Pedro debía reconocer que tenía razón.
-Entonces, hoy no ha sido la primera vez que ha salido de palacio disfrazada.
-Si tanto le interesa saberlo, no. No es la primera vez.
-Alteza, debería tener cuidado.
Paula lo miró, sorprendida. Parecía genuinamente preocupado por ella. Por suerte, en ese momento los criados servían el segundo plato.
-Me alegro de haber hablado con su alteza, pero no puedo monopolizar su conversación toda la noche.
Pedro era un hombre hecho a sí mismo, pero conocía las reglas de protocolo y sabía que ambos debían hablar con el comensal que tenían al otro lado.
-Pero aún me debe un baile -le recordó antes de que ella tuviera tiempo de volverse hacia el invitado de su derecha.
-¿Un baile?
-Como el mayor benefactor de esta gala, tengo derecho a bailar una vez con la Princesa.
-Puede que me retire después de cenar -replicó ella, enojada.
-Ni siquiera su alteza se atrevería a tal desaire.
Era cierto, pensó Paula, furiosa. Y seguía teniendo la impresión de que aquel hombre quería algo de ella.
-Muy bien. Le concedo un baile entonces.
Él asintió con la cabeza y Paula se volvió hacia el comensal de la derecha, suspirando. Esperaba que hablar con él fuera más fácil que hacerlo con aquel extranjero tan grosero. Aunque intentaba prestarle atención, no podía dejar de mirar a Pedro por el rabillo del ojo. Mientras el hombre hablaba sobre plantaciones de café, ella movía la comida en su plato, sin probar bocado.
-Creo recordar que es usted un gran conocedor de las plantas tropicales.
-Así es -sonrió el hombre, encantado-. Veo que está bien informada.

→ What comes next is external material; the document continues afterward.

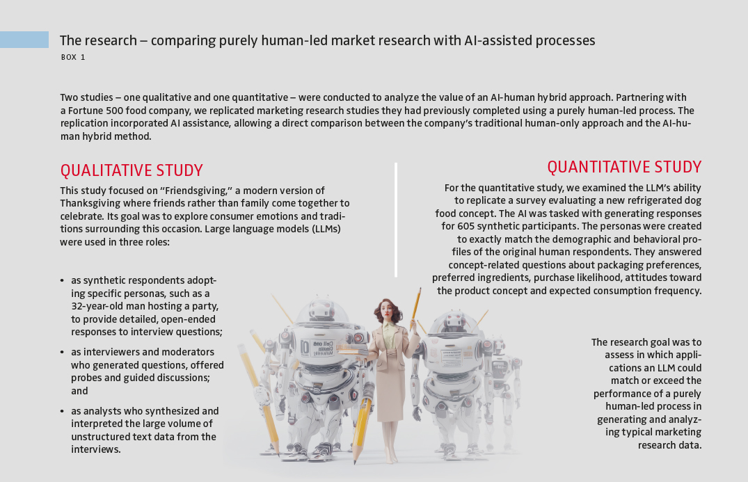 In our research, we analyze how AI-human hybrids can accelerate the marketing research process, reduce costs and uncover deeper insights (see Box 1). The results from two studies, where we replicate human-only market research projects, demonstrate that LLMs can serve as effective assistants at each stage of the research pipeline, from developing the research design to obtaining data, analyzing it and delivering insights that drive business decisions. We also test a novel application of LLMs – their ability to generate “synthetic respondents” – AI-powered personas that can participate in in-depth interviews or answer surveys.

Más bien tenía una secretaria muy eficiente, pensó Paula. Mientras el hombre hablaba, ella seguía mirando de soslayo a Pedro Alfonso, que estaba hablando con la rubia de su izquierda. Era la esposa de alguien, no recordaba quién, aunque en aquel momento estaba coqueteando descaradamente con él. La irritaba aquel hombre, no solo por que conocía su secreto, sino porque no la trataba con el respeto debido. No podía culparlo por comprar unas tierras que ella deseaba, pero la ponía furiosa su actitud ridículamente machista. Ella no necesitaba protección de nadie. Sin embargo, al mismo tiempo, la intrigaba. Posiblemente porque Pedro Alfonso no se sentía intimidado a su lado. En Estados Unidos no había realeza, pero la actitud de él no parecía debida a su falta de experiencia, sino más bien a su carácter. Al final de la cena, Paula se levantó, señalando a los invitados que debían pasar al salón de baile. Su corazón seguía latiendo con fuerza. Si Pedro Alfonso le contaba a su hermano Leandro lo que sabía, podría causarle muchos problemas.